Mikroskopische Kunst des Herzens – APAC-Gewinner der sechsten Ausgabe des Wettbewerbs „Image of the Year“

Evident Image of the Year Award 2025: (APAC-Gewinner.
Sarkomerstrukturen in Kardiomyozyten eines Rattenherzens). Aufgenommen von Kentaro Mochizuki, Japan.

Rebecca Chandler

Redakteur

13. August 2026

Ein präzise geordnetes Netzwerk aus grünen und roten Linien offenbart die mikroskopische Architektur hinter jedem Herzschlag. Diese Aufnahme von Sarkomerstrukturen in Herzmuskelzellen von Ratten, die von Dr. Kentaro Mochizuki aus Japan gemacht wurde, wurde zum APAC-Gewinner des sechsten jährlichen Wettbewerbs „Image of the Year“ von Evident.

Mithilfe eines konfokalen Lasermikroskopsund eines 60-fachen Ölimmersionsobjektivs brachte Kentaro die lineare, rhythmische Mikrostruktur des Herzens eindrucksvoll zur Geltung. Als Anerkennung für seinen siegreichen Beitrag erhält Kentaro ein Evident CX23 Mikroskop.

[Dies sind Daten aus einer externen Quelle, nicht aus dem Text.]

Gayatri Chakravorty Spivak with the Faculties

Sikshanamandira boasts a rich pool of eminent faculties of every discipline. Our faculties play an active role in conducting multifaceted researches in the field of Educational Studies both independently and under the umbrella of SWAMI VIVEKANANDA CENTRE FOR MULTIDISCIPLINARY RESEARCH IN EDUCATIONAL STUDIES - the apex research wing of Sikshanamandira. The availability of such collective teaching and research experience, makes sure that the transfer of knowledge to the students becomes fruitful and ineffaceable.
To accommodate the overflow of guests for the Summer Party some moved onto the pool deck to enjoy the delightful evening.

Die verborgenen Strukturen im Herzen sichtbar machen

Als Forscher am Department of Pathology der Kyoto Prefectural University of Medicine verbringt Kentaro seine Tage damit, lebende Organismen und Krankheiten zu untersuchen. Mithilfe der Konfokalmikroskopie macht er Strukturen sichtbar, die mit bloßem Auge nicht erkennbar sind – darunter die geordneten Muster im Herzmuskel, die jeden Herzschlag erst ermöglichen.

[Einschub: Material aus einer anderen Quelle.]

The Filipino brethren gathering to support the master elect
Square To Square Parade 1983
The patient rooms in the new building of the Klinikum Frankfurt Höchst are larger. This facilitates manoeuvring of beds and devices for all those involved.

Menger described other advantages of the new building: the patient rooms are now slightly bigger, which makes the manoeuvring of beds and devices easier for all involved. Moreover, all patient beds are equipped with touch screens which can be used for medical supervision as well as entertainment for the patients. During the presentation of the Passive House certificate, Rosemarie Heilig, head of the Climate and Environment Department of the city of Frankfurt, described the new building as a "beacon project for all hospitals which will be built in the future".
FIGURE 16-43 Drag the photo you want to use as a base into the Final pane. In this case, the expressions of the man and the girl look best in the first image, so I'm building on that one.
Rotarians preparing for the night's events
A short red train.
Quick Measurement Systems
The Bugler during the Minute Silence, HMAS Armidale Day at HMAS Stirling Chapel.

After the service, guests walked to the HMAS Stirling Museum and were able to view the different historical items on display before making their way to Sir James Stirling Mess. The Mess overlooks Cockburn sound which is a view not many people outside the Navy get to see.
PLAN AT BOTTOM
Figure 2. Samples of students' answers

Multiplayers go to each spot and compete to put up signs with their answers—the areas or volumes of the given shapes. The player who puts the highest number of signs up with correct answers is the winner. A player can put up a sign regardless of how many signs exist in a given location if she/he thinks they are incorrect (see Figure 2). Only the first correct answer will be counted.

Evident Image of the Year Award 2025: (APAC-Gewinner.
Sarkomerstrukturen in Kardiomyozyten eines Rattenherzens). Aufgenommen von Kentaro Mochizuki, Japan.

Kentaro, herzlichen Glückwunsch zum Titel „Image of the Year APAC“! Was finden Sie persönlich an diesem Bild spannend?

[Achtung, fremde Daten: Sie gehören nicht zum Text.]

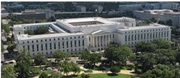
Figure 2. The Rayburn and Longworth House Office Buildings

The Rayburn House Office Building (RHOB) was completed in 1965. It contains 2.4 million gross square feet (GSF) divided among 10 levels, including three parking levels and a sub-basement which are partially below grade. The RHOB has 168 Member suites and 30 Committee hearing rooms.

Der regelmäßige Wechsel von Z-Linien (grün) und M-Linien (rot), der die Sarkomerstruktur der Herzmuskelzellen bildet, weckt ein Gefühl von geheimnisvoller Schönheit und urtümlicher Furcht und zieht einen unbewusst in seinen Bann.

Das Herz pumpt Blut durch den gesamten Körper, indem es den Zyklus von Kontraktion und Entspannung, den man gemeinhin als Herzschlag bezeichnet, ununterbrochen wiederholt. Dieser Herzschlag entsteht, wenn sich jede einzelne Zelle des Herzmuskels synchron zusammenzieht und entspannt. Im Einklang mit dieser Bewegung verringert und vergrößert sich auch der Abstand zwischen den Z-Linien und den M-Linien. Wenn Sie dieses Bild betrachten, legen Sie Ihre Hand auf Ihre Brust, um Ihren Herzschlag zu spüren, und stellen Sie sich vor, wie diese periodische Struktur bei jedem Schlag wie eine Feder pulsiert.

Wie haben Sie das Bild erstellt?

Perfundierte Rattenherzen wurden chemisch mit Paraformaldehyd (PFA) fixiert, in Gewebeblöcke mit mehreren Millimetern Kantenlänge unterteilt und mit fluoreszierenden Farbstoffen angefärbt. Z-Linien (grün) und M-Linien (rot) wurden mittels Immunfluoreszenzfärbung für α-Actinin bzw. Titin markiert, während die Zellmembranregion (blau) mit Weizenkeimagglutinin (WGA) markiert wurde.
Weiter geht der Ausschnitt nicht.